Information:
—————

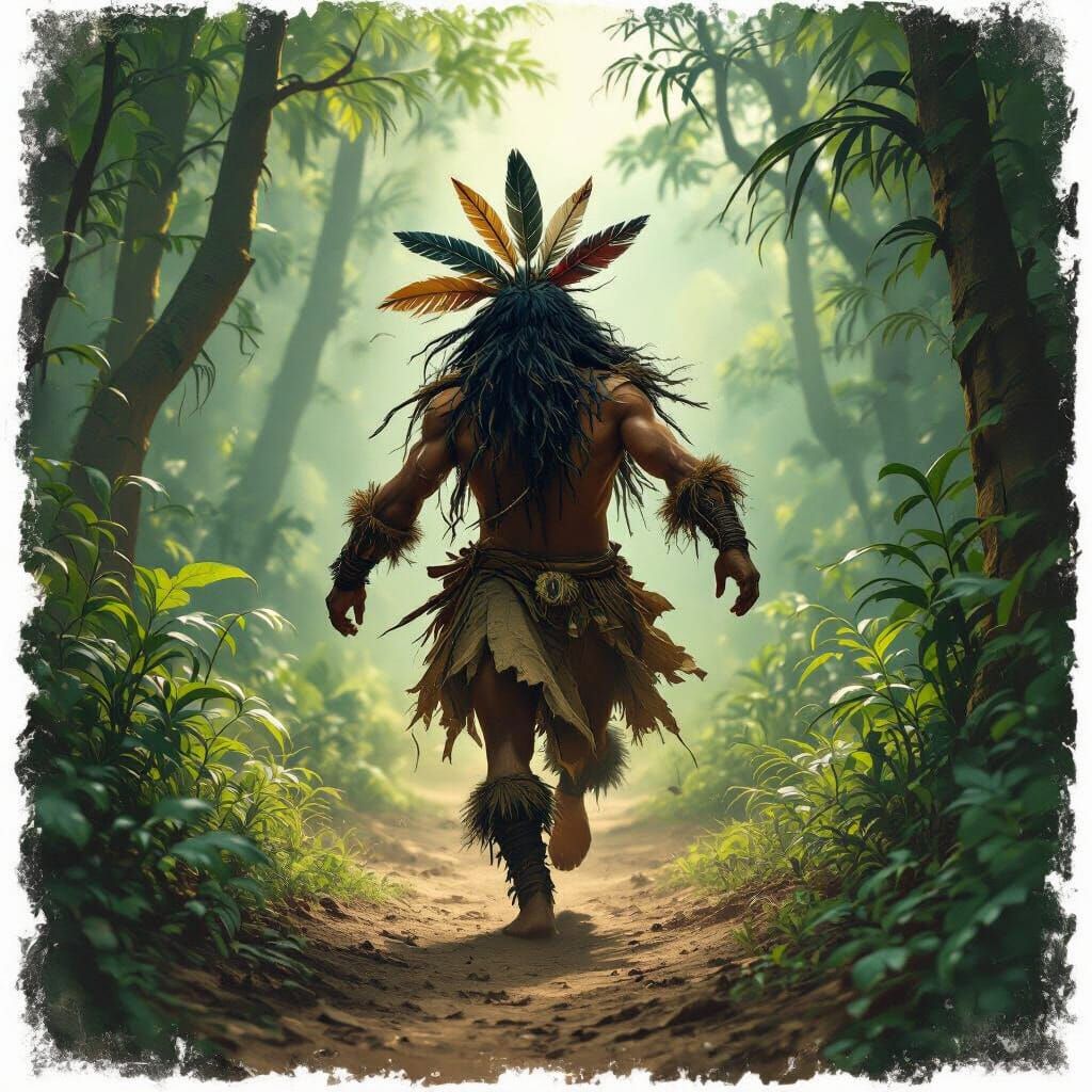 This image shows the Curupira, a mythological being, running backwards through a jungle. Clad in foliage and feathers, the scene features natural lighting, deep shadows and realistic textures, in a photorealistic style.
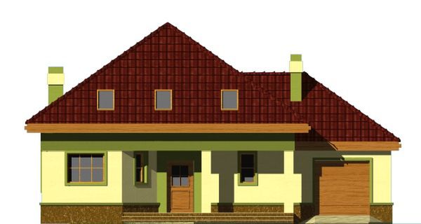 Graficzne opracowanie rzutów poglądowych widocznych na karcie projektu zostało wykonane przez Extradom.pl. Prezentowane przez Extradom.pl wizualizacje wykonane zostały przez autora projektu i należy poczytywać je jedynie za przykład i propozycję wykończenia, wizję architektoniczną autora projektu. Ostateczne wykończenie budynku może nastąpić na wiele sposobów. Szczegółowe rozwiązania zastosowane w oferowanej dokumentacji - w tym również ilość, lokalizacje i wygląd okien, drzwi, kominów - mogą w niewielkim stopniu różnić się od prezentowanej wizualizacji budynku.
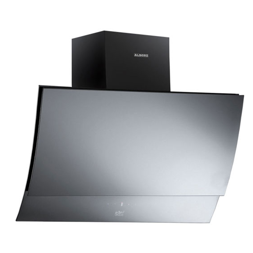 هود استیل البرز مدل Sa 432 دارای نمای درب شیشه ای منحنی سکوریت ( مقاوم در برابر حرارت ) به سمت داخل و سایز 85 سانتی متر با قابلیت نصب در سایز 85 – 90 سانتی متری
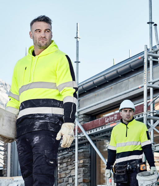 ZT483 Syzmik Unisex Hi Vis Day/Night Stretch Taped Hoodie, Yellow/Navy, Sizes 2XS to 7XL
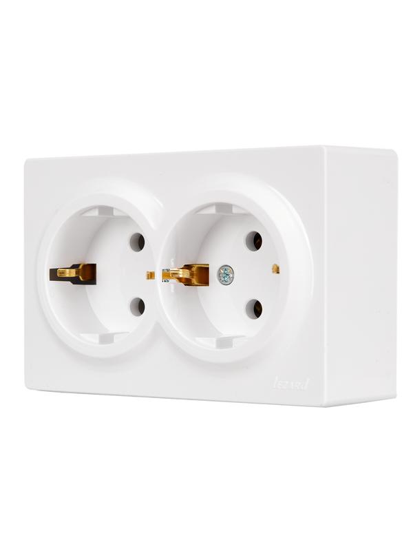 752-0200-127B | Розетка 2-м ОП LETO с заземл. закрытый корпус ПБТ бел. LEZARD
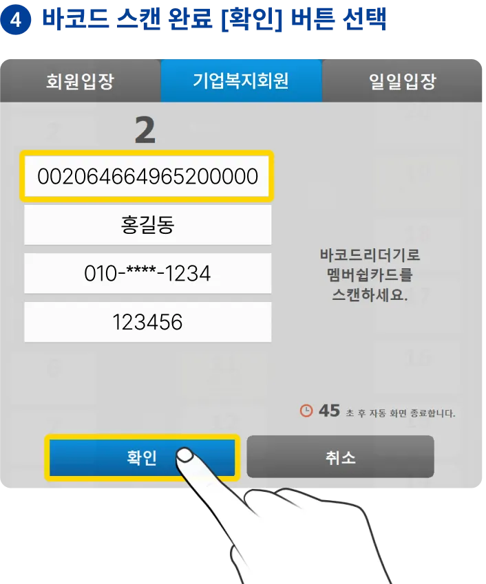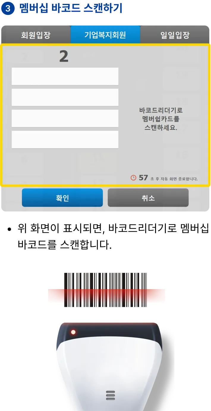 ‘기업복지회원’ 확인창에서, 바코드 리더기에 기업복지몰 바코드를 스캔하세요

—————

Exercise requirements: The material shown above is to be repeated verbatim, and its pictures are to be omitted.

Solution to the exercise:
 This image shows the Curupira, a mythological being, running backwards through a jungle. Clad in foliage and feathers, the scene features natural lighting, deep shadows and realistic textures, in a photorealistic style.
 Graficzne opracowanie rzutów poglądowych widocznych na karcie projektu zostało wykonane przez Extradom.pl. Prezentowane przez Extradom.pl wizualizacje wykonane zostały przez autora projektu i należy poczytywać je jedynie za przykład i propozycję wykończenia, wizję architektoniczną autora projektu. Ostateczne wykończenie budynku może nastąpić na wiele sposobów. Szczegółowe rozwiązania zastosowane w oferowanej dokumentacji - w tym również ilość, lokalizacje i wygląd okien, drzwi, kominów - mogą w niewielkim stopniu różnić się od prezentowanej wizualizacji budynku.
 هود استیل البرز مدل Sa 432 دارای نمای درب شیشه ای منحنی سکوریت ( مقاوم در برابر حرارت ) به سمت داخل و سایز 85 سانتی متر با قابلیت نصب در سایز 85 – 90 سانتی متری
 ZT483 Syzmik Unisex Hi Vis Day/Night Stretch Taped Hoodie, Yellow/Navy, Sizes 2XS to 7XL
 752-0200-127B | Розетка 2-м ОП LETO с заземл. закрытый корпус ПБТ бел. LEZARD
 ‘기업복지회원’ 확인창에서, 바코드 리더기에 기업복지몰 바코드를 스캔하세요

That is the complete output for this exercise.